Through Innovation Central Melbourne and the University City precinct, the platform is being assessed across a complex mix of buildings, population densities, and real-world movement patterns. This allows the system to be tested and refined under realistic conditions while maintaining rigorous governance, safety oversight, and operational discipline.

For Mr Esplin, this kind of setting is critical. Emergency communication systems, he argues, must be shaped by how people behave under pressure – not by idealised assumptions made in isolation.

The intention is for La Trobe University City to procure the solution, act as a lighthouse customer, and leverage the National Industry Innovation Network (NIIN) – a national collaboration linking universities, industry and government to accelerate applied innovation – to help establish a broader university campus market for resilient emergency communications.

“The Living Lab is about applying the learning and research that happens on campus directly into the way we develop and operate our facilities, rather than keeping those worlds separate,” says Jodie Harris, Director of Sustainability, Master Planning and Systems at La Trobe University.

For Gerard Blood, Executive Director of La Trobe University City, the partnership reflects a broader shift in how universities approach safety, resilience, and innovation.

“The launch of this campus-wide system is more than a technological milestone,” Mr Blood says. “It is a commitment to every student and staff member that their safety is our highest priority. Through this program, we are redefining best practice in university safety, ensuring resilience even when traditional infrastructure fails.”

From universities to cities

The collaboration gives Broadwick Connect access to multidisciplinary expertise across engineering, AI, and IoT, while providing La Trobe with an opportunity to trial infrastructure that could set a new benchmark for campus safety.

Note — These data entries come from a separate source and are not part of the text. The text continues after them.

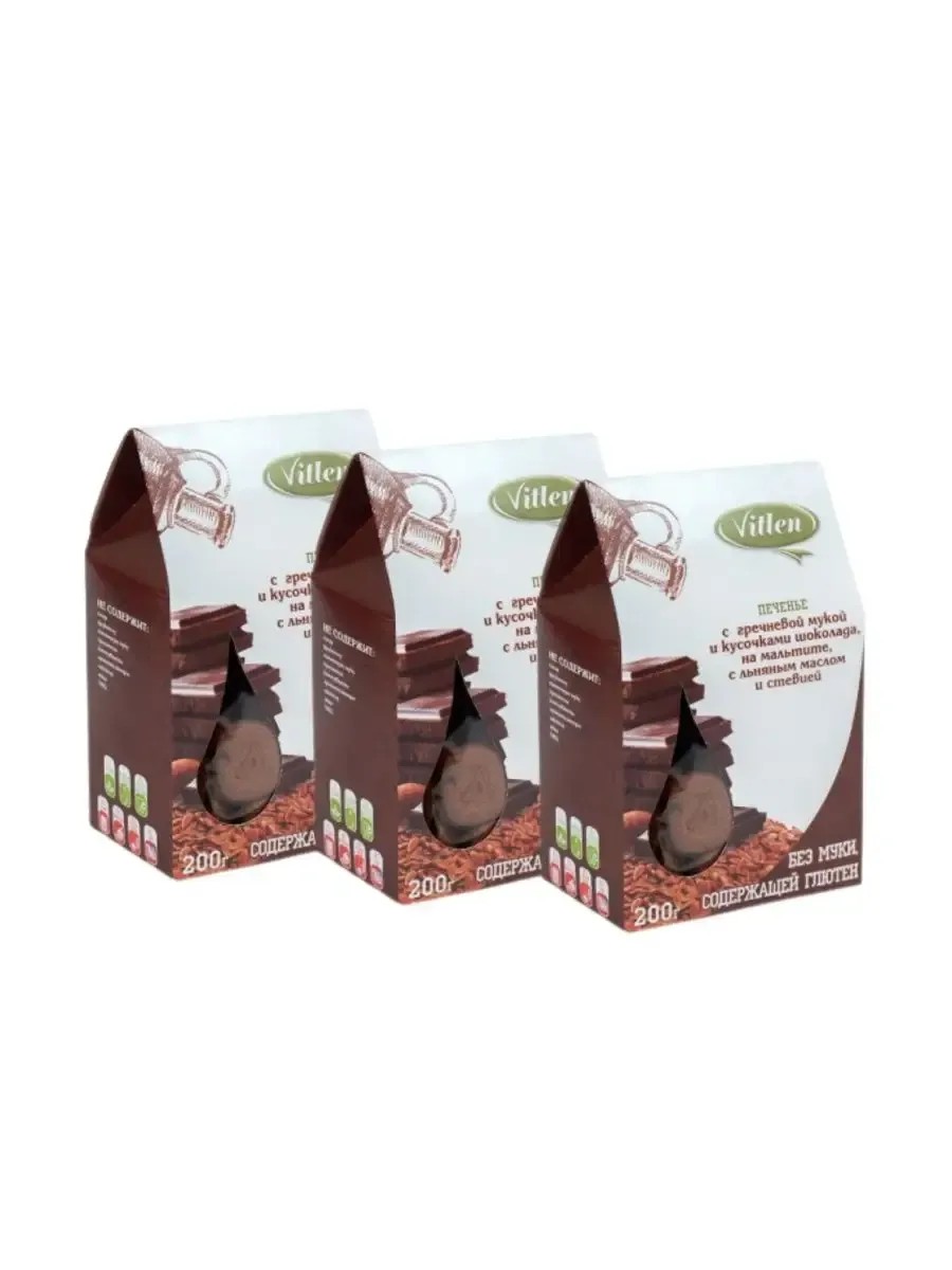 | Комплектация | Печенье безглютен.с гречневой мукой и шоколадом 200 гр - 3 шт |
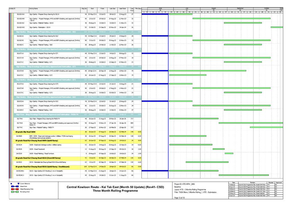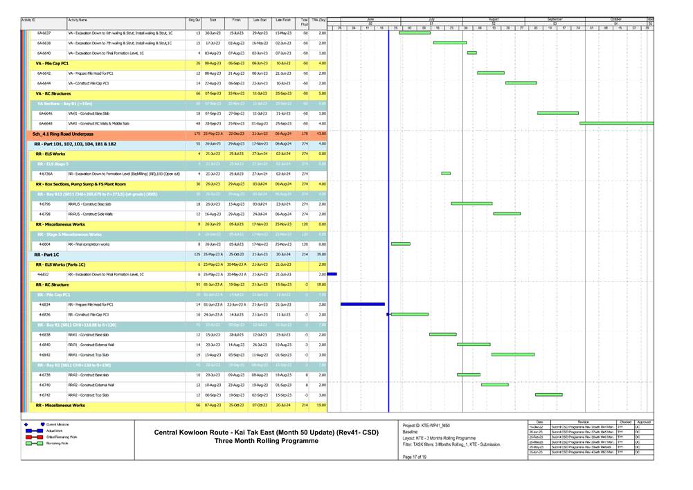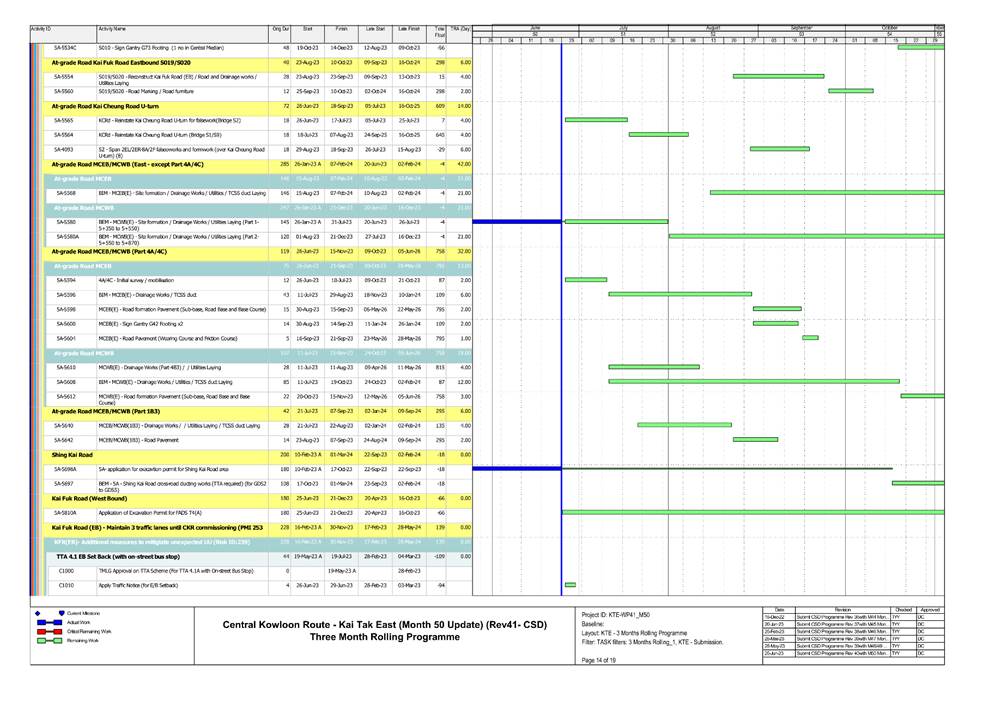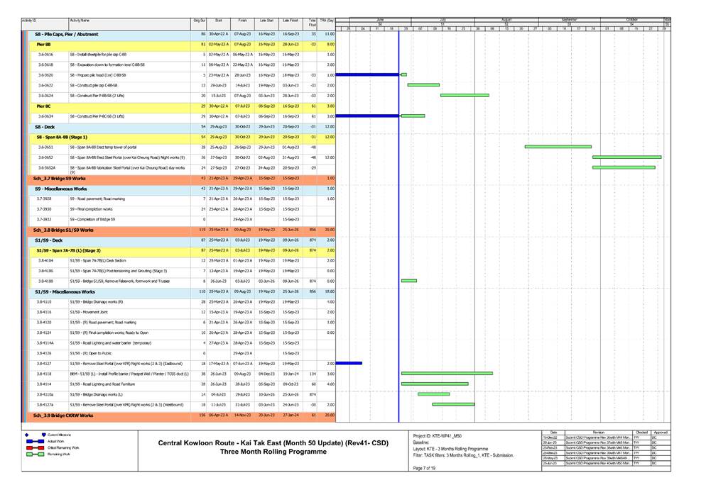 1.5. A summary of major construction activities provided by the Contractor in this reporting period is shown in Table 1.1. The construction programme is presented in Appendix B.
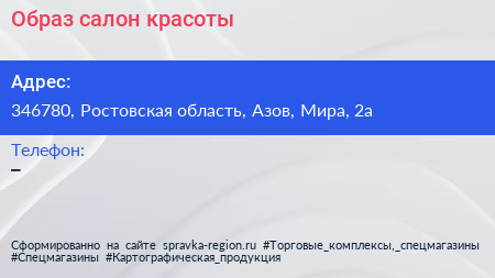 Образ, салон красоты по адресу 346780, Ростовская область, Азов, Мира, 2а в дальнейшем Организация, размещена в следующих категориях: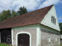 Hospodářská budova - okna, vrata, plastická omítka, datace, 2015, © Helena Špůrová, (Prvky na obrázku: dveře, okno, epigrafické památky (nápisy, datování aj.), plastická omítková výzdoba fasád a štítů)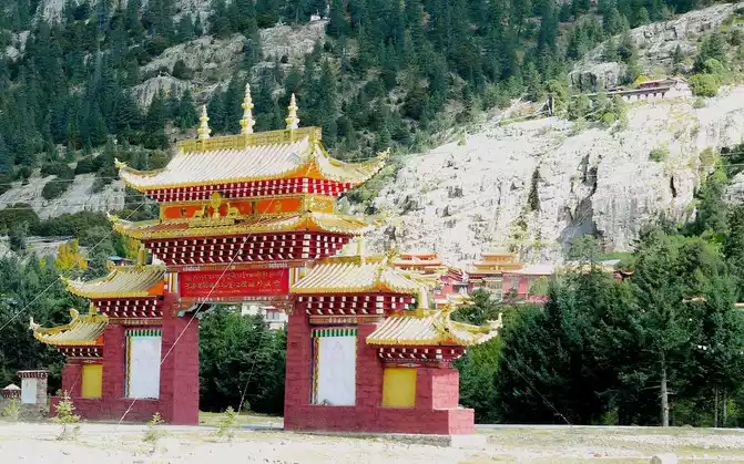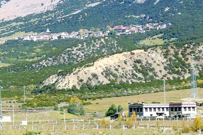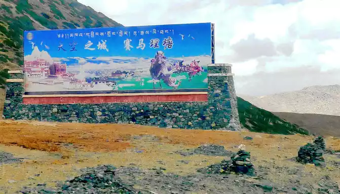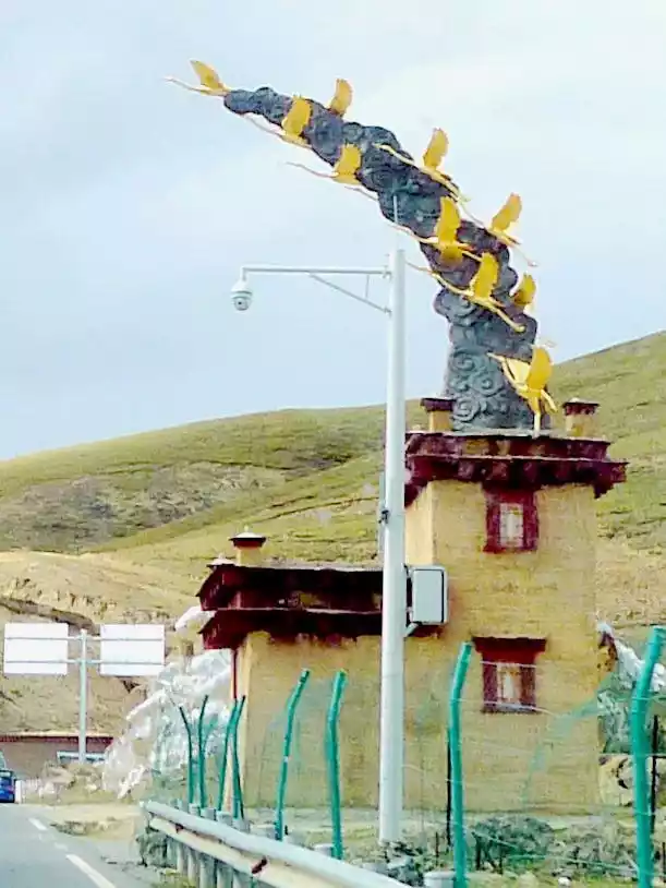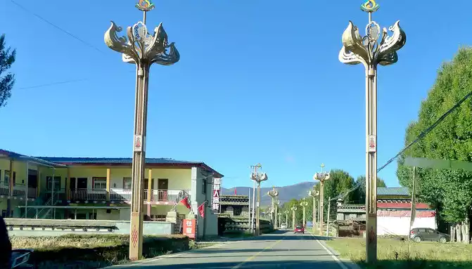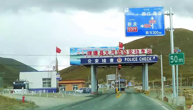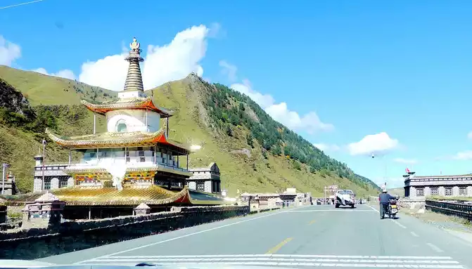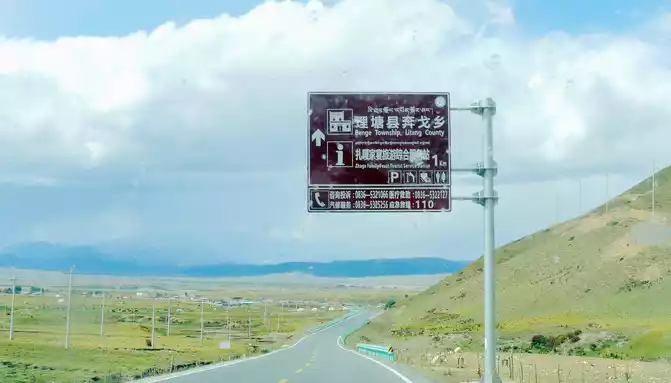 At 14:50, climb up a small mountain bag known as "Zaga Sacred Mountain", and there is a temple at the top of the mountain (4130 meters above sea level). After passing the small temple, you will go down the mountain, and below the mountain is Benge Township in Litang County, and there is a flat river and a vast pasture. At 15:05, we arrived at the three-way intersection of Litang County, from here we went straight into Litang County, we turned right, bypassed the county seat, and at 15:08 we arrived at a gate with horns and flying crane signs, passed through the door and turned right, got on National Highway G318, and drove towards Yajiang.

Importantly, the campus environment mirrors the governance structures, safety protocols, and stakeholder complexity found in municipal settings – a critical factor in translating lessons from a university environment to city-scale deployment.

“Working in a real-world testbed has been invaluable,” says Broadwick Connect CEO Peter Self. “It provides the scale and diversity of data needed to properly validate our AI models, something that simply cannot be replicated in controlled laboratory environments.”

That validation has relevance well beyond Australia. International engagement, particularly in the Philippines, has already confirmed strong interest from local governments and national agencies seeking communication systems that remain operational during extreme events. Early proof-of-concept deployments are scheduled to begin in 2026.

Mr Esplin has long argued that resilience depends on shared responsibility, trust, and collaboration. “The line between government and the private sector should almost disappear in a crisis,” he says.

The value of the ICM partnership is as much about credibility as it is about technical capability. It provides the level of validation and risk reduction required for future municipal and national deployments, giving confidence that the system performs as intended in complex, real-world environments.

As climate-driven disasters become more frequent and more severe, the question facing governments and institutions is no longer whether new technology is possible, but whether it can be trusted to work under pressure. By treating a university campus as a proving ground, Broadwick Connect and ICM are answering that question with evidence rather than assumptions.